Trabulsi Julia, Norouzi Kian, Suurmets Seidi, Storm Mike, Ramsøy Thomas Zoëga
Facebook Inc, New York, NY, United States.
Neurons Inc., Department of Applied Neuroscience, Taastrup, Denmark.
Front Neurosci. 2021 Nov 8;15:578439. doi: 10.3389/fnins.2021.578439. eCollection 2021.
The study of consumer responses to advertising has recently expanded to include the use of eye-tracking to track the gaze of consumers. The calibration and validation of eye-gaze have typically been measured on large screens in static, controlled settings. However, little is known about how precise gaze localizations and eye fixations are on smaller screens, such as smartphones, and in moving feed-based conditions, such as those found on social media websites. We tested the precision of eye-tracking fixation detection algorithms relative to raw gaze mapping in natural scrolling conditions. Our results demonstrate that default fixation detection algorithms normally employed by hardware providers exhibit suboptimal performance on mobile phones.
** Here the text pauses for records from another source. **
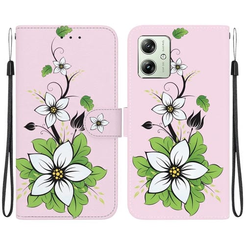 Funda de Cuero para Motorola Moto G54 con Dibujo Coloreado y Textura de Cristal (Lirio)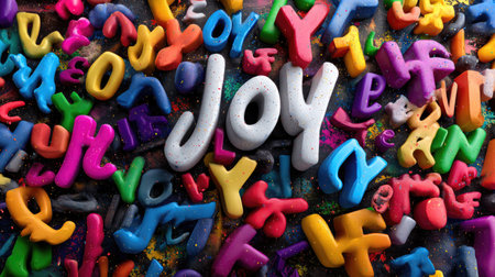 A lively arrangement of colorful plastic letters with the word Joy prominently displayed amidst a vibrant background of mixed letters. Perfect for educational themes.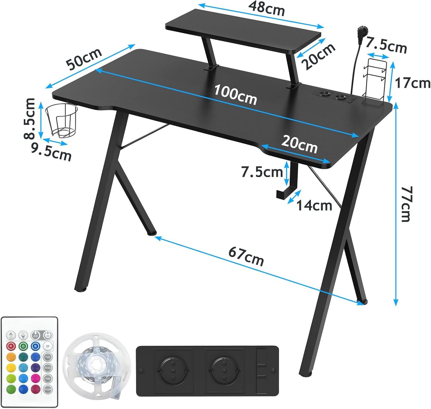 USB-Ladeanschlüsse und SteckdosenDer Schreibtisch ist mit 2 Ladestationen mit jeweils 2 Steckdosen und 2 USB-Ladeanschlüssen für Ihre elektronischen Geräte ausgestattet. Sie können Ihr Smartphone, Ihre Gaming-Ausrüstung oder Bluetooth-Geräte einfach und bequem aufladen, wenn Sie arbeiten oder Spiele spielen.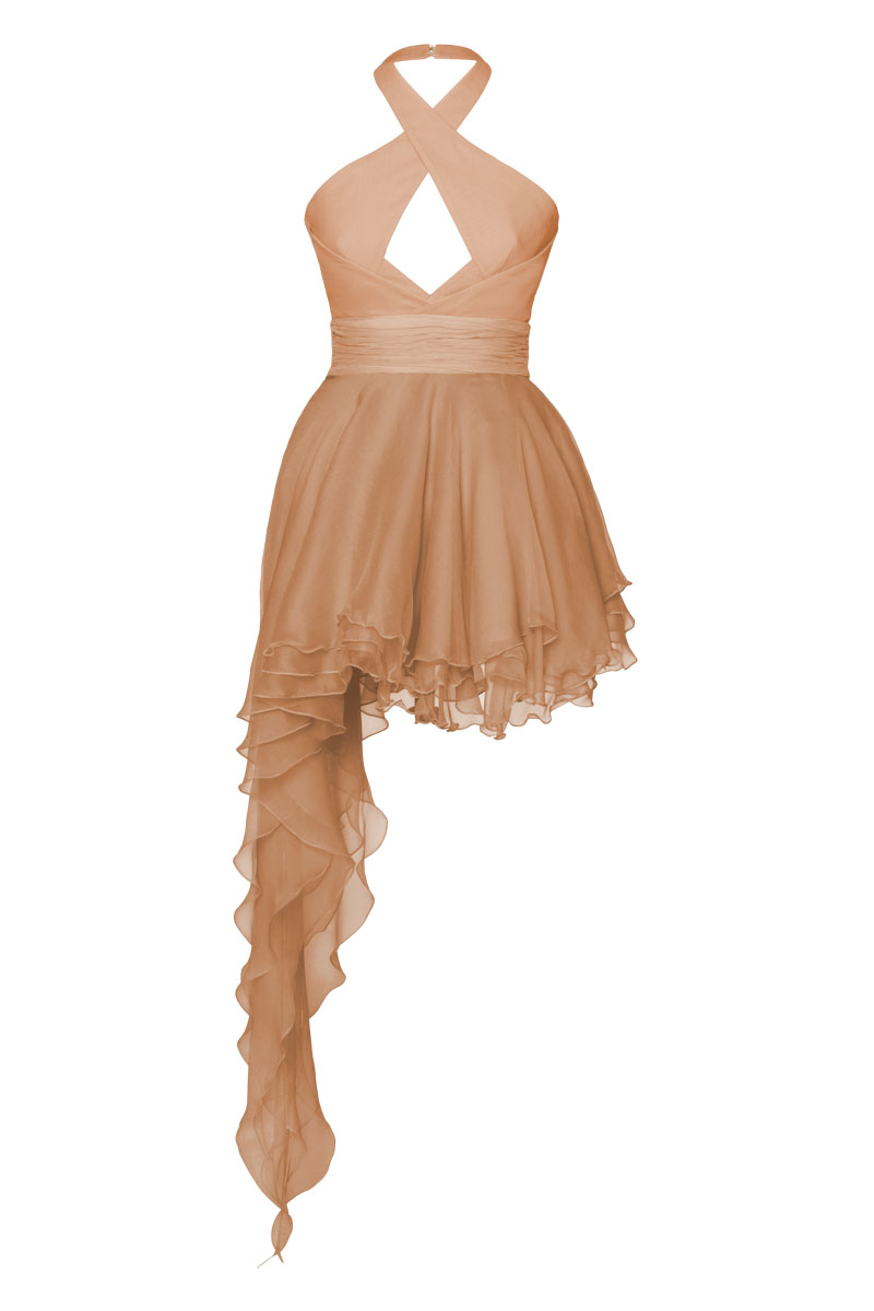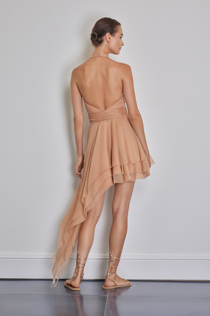 Figurbetontes Neckholder-Cocktailkleid aus Seide mit a-symmetrischem Schnitt und raffinierten Cut-Outs. 3-lagiger, luftiger Kreisrock mit seitlicher Verlängerung. Tiefer Rückenausschnitt. Häkchen-Verschluss im Nacken, versteckter seitlicher Reissverschluss.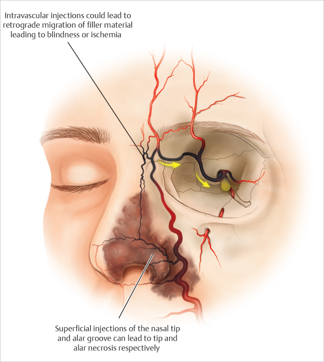 Vasculature in the nose is superficially located beneath the dermis. Injections should be carried out deep to the musculoaponeurotic layers (Video 14.2).

In this paper, we provide a detailed account of how different parameters in eye-tracking software can affect the validity and reliability of critical metrics, such as Percent Seen and Total Fixation Duration. We provide recommendations for producing improved eye-tracking metrics for content on small screens, such as smartphones, and vertically moving environments, such as a social media feed. The adjustments to the fixation detection algorithm we propose improves the accuracy of Percent Seen by 19% compared to a leading eye-tracking provider's default fixation filter settings. The methodological approach provided in this paper could additionally serve as a framework for assessing the validity of applied neuroscience methods and metrics beyond mobile eye-tracking.
对消费者广告反应的研究最近有所扩展,涵盖了使用眼动追踪来跟踪消费者的视线。眼动注视的校准和验证通常是在静态、可控环境下的大屏幕上进行测量的。然而,对于在较小屏幕(如智能手机)以及基于动态信息流的环境(如社交媒体网站上的情况)中,注视定位和眼睛注视的精确程度却知之甚少。我们测试了在自然滚动条件下,眼动追踪注视检测算法相对于原始注视映射的精度。我们的结果表明,硬件供应商通常采用的默认注视检测算法在手机上表现欠佳。在本文中,我们详细阐述了眼动追踪软件中的不同参数如何影响关键指标(如观看百分比和总注视持续时间)的有效性和可靠性。我们为在小屏幕(如智能手机)以及垂直移动环境(如社交媒体信息流)中生成改进的眼动追踪指标提供了建议。与一家领先的眼动追踪供应商的默认注视过滤设置相比,我们提出的对注视检测算法的调整将观看百分比的准确率提高了19%。本文提供的方法学方法还可以作为一个框架,用于评估除移动眼动追踪之外的应用神经科学方法和指标的有效性。